EXERCISE DIRECTIONS: Reproduce, exactly and in full, the lines from the one with "12. Remove right" through the one with "こうした調査結果から、夏に頑" in the data below; drop pictures.

RECORDS TO USE:
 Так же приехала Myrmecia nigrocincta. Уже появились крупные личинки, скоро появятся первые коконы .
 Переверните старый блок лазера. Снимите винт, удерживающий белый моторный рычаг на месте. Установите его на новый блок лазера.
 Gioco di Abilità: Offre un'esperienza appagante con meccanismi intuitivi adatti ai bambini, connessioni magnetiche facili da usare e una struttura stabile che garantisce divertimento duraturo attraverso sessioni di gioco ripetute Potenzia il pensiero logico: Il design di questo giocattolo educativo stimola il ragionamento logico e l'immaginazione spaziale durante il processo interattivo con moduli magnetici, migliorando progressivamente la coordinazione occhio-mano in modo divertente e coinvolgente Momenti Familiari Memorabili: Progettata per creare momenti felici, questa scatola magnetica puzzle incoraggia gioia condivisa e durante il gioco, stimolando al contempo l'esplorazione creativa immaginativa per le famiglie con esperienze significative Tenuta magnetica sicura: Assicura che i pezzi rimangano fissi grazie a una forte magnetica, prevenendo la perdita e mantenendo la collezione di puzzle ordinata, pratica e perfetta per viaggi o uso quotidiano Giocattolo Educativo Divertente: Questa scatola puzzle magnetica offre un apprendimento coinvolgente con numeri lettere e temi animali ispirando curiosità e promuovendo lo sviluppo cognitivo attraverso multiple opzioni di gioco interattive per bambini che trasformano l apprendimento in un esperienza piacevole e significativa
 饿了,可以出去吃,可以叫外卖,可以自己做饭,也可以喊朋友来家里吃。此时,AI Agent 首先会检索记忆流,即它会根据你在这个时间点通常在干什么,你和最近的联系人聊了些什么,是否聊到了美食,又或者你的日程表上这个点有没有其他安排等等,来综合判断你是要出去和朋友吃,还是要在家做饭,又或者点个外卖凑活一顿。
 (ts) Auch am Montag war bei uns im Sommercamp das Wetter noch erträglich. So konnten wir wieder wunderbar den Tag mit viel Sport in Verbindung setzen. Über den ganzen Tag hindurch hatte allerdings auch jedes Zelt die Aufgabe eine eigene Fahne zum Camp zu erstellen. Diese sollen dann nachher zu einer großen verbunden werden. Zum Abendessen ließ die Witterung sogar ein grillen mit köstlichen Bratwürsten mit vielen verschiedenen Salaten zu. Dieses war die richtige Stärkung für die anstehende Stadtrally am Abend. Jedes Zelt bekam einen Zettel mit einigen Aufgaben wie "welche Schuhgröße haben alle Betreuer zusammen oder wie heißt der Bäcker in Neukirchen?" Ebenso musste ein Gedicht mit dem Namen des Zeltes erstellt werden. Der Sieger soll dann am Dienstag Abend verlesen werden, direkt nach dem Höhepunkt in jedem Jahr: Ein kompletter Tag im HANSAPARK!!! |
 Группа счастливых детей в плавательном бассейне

...

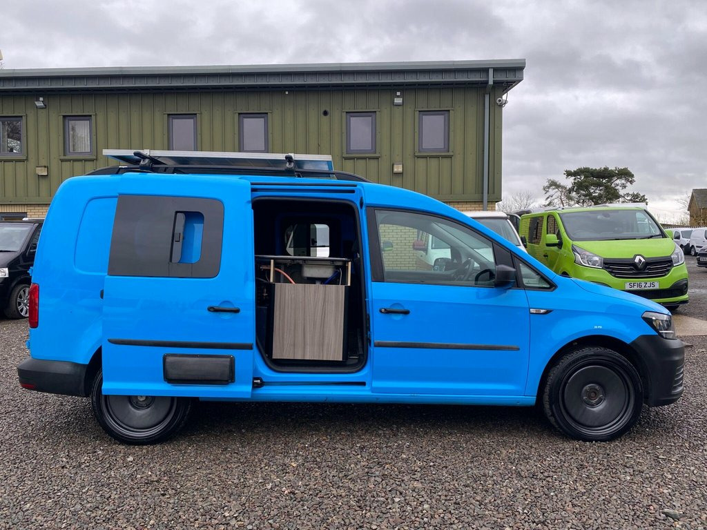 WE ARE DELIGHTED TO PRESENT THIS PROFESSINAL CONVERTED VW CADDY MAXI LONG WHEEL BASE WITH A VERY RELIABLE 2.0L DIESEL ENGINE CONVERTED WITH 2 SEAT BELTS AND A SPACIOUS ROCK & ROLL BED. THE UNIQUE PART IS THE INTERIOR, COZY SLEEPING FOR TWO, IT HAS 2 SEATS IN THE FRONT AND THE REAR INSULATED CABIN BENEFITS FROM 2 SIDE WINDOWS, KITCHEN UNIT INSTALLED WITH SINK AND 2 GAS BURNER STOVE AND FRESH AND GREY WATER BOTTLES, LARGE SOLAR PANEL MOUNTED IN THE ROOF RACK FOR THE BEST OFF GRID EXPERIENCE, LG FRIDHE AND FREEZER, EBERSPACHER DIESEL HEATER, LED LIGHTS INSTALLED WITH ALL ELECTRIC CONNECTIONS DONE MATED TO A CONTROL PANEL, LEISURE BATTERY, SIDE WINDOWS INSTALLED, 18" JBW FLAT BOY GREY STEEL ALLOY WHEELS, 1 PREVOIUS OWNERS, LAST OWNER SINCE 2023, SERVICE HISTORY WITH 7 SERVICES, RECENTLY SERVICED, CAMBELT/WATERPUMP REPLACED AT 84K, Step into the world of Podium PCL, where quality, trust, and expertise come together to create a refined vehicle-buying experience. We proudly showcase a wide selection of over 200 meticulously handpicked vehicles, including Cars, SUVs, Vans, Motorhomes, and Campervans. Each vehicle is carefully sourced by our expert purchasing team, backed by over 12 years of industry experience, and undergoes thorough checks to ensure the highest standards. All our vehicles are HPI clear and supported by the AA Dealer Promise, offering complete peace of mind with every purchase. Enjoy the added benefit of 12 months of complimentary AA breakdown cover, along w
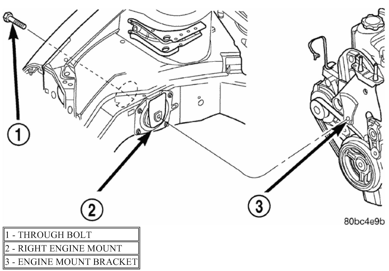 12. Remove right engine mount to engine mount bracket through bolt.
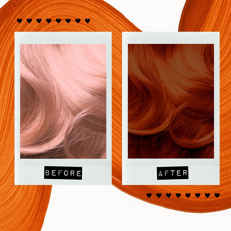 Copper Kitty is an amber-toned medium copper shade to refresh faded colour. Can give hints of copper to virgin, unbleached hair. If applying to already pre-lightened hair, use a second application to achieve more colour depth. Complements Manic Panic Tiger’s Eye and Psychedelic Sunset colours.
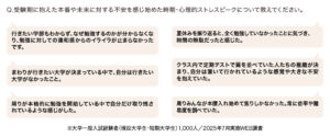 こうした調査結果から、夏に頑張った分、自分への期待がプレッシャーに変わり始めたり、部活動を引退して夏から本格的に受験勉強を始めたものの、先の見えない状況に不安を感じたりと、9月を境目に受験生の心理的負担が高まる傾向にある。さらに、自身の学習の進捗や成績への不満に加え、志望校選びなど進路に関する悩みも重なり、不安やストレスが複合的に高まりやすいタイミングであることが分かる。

--

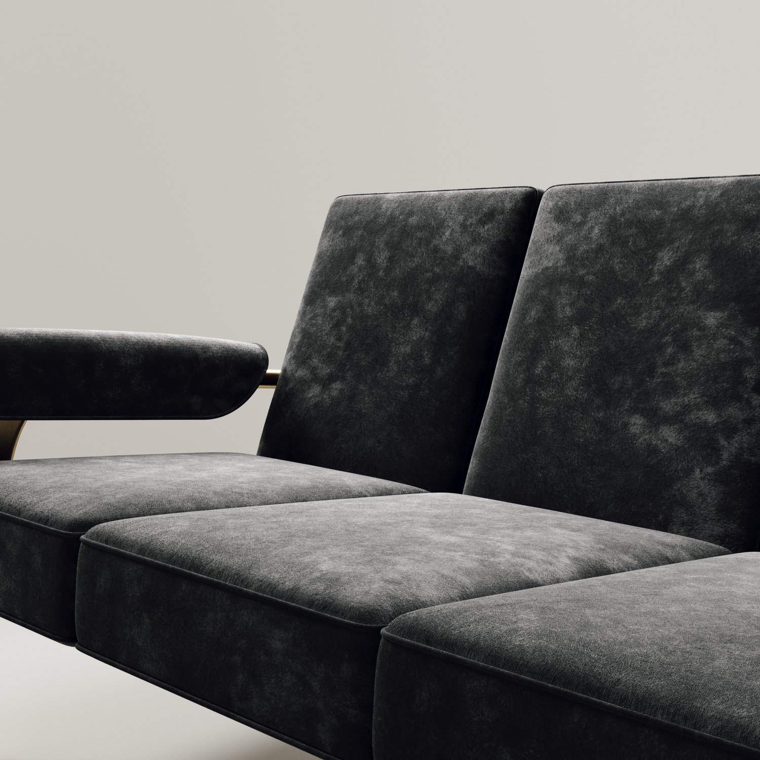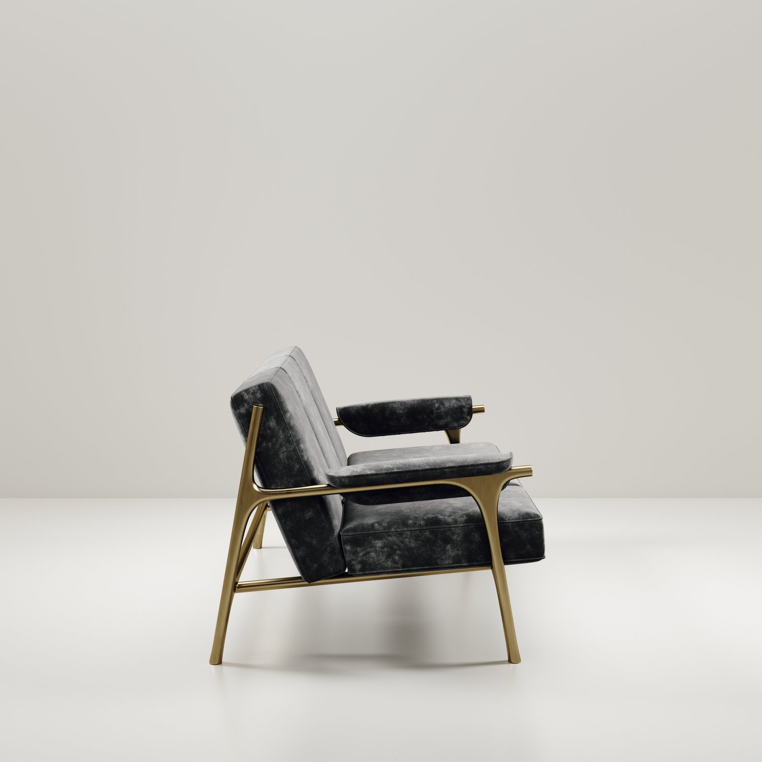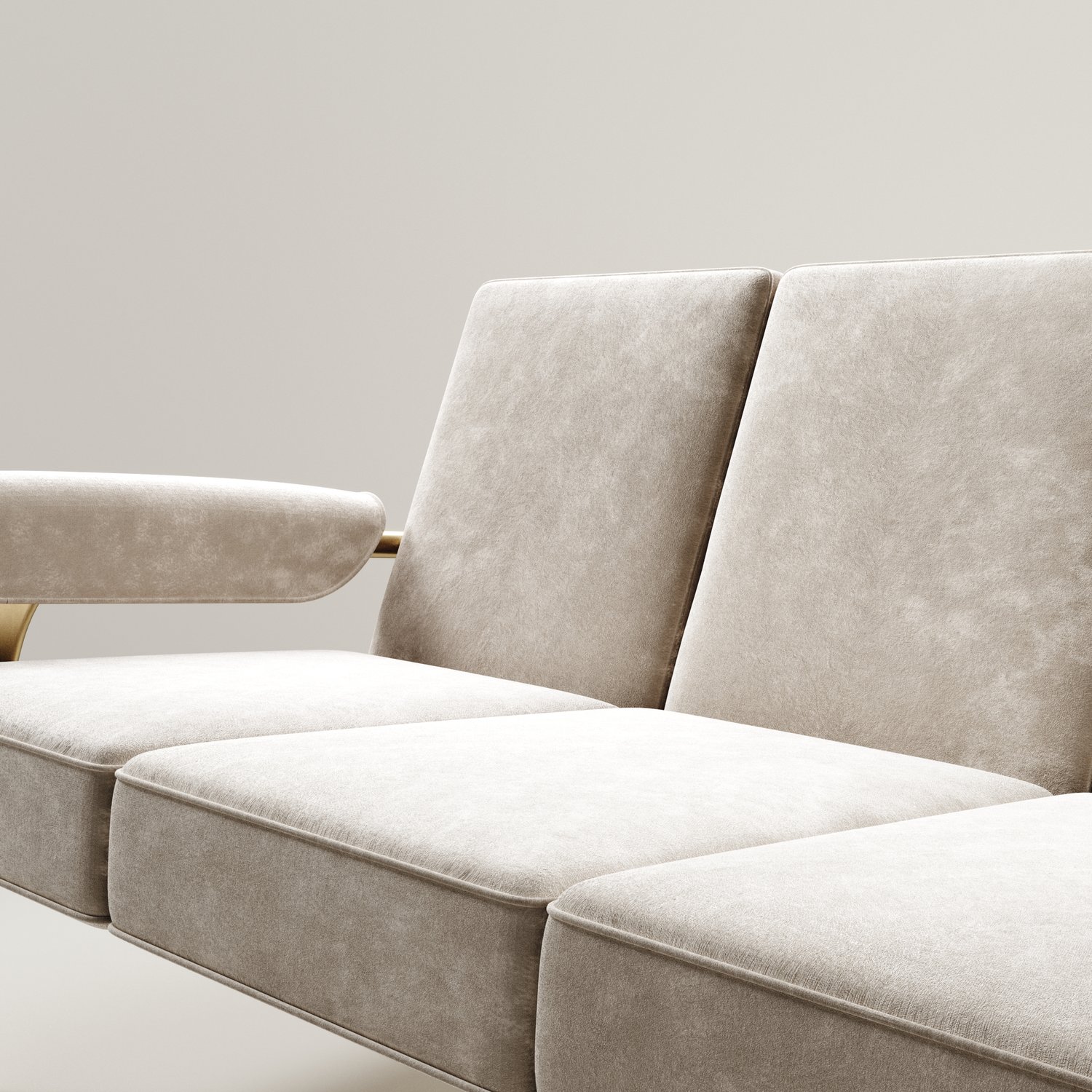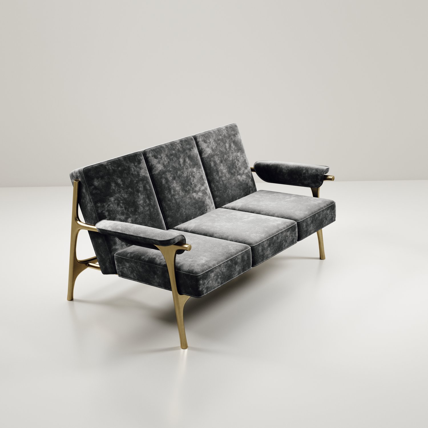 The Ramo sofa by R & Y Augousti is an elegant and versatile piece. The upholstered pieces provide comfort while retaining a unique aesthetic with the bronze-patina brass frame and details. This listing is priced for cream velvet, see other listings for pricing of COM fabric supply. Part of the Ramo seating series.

OUTPUT OF THE TASK:
 12. Remove right engine mount to engine mount bracket through bolt.
 Copper Kitty is an amber-toned medium copper shade to refresh faded colour. Can give hints of copper to virgin, unbleached hair. If applying to already pre-lightened hair, use a second application to achieve more colour depth. Complements Manic Panic Tiger’s Eye and Psychedelic Sunset colours.
 こうした調査結果から、夏に頑張った分、自分への期待がプレッシャーに変わり始めたり、部活動を引退して夏から本格的に受験勉強を始めたものの、先の見えない状況に不安を感じたりと、9月を境目に受験生の心理的負担が高まる傾向にある。さらに、自身の学習の進捗や成績への不満に加え、志望校選びなど進路に関する悩みも重なり、不安やストレスが複合的に高まりやすいタイミングであることが分かる。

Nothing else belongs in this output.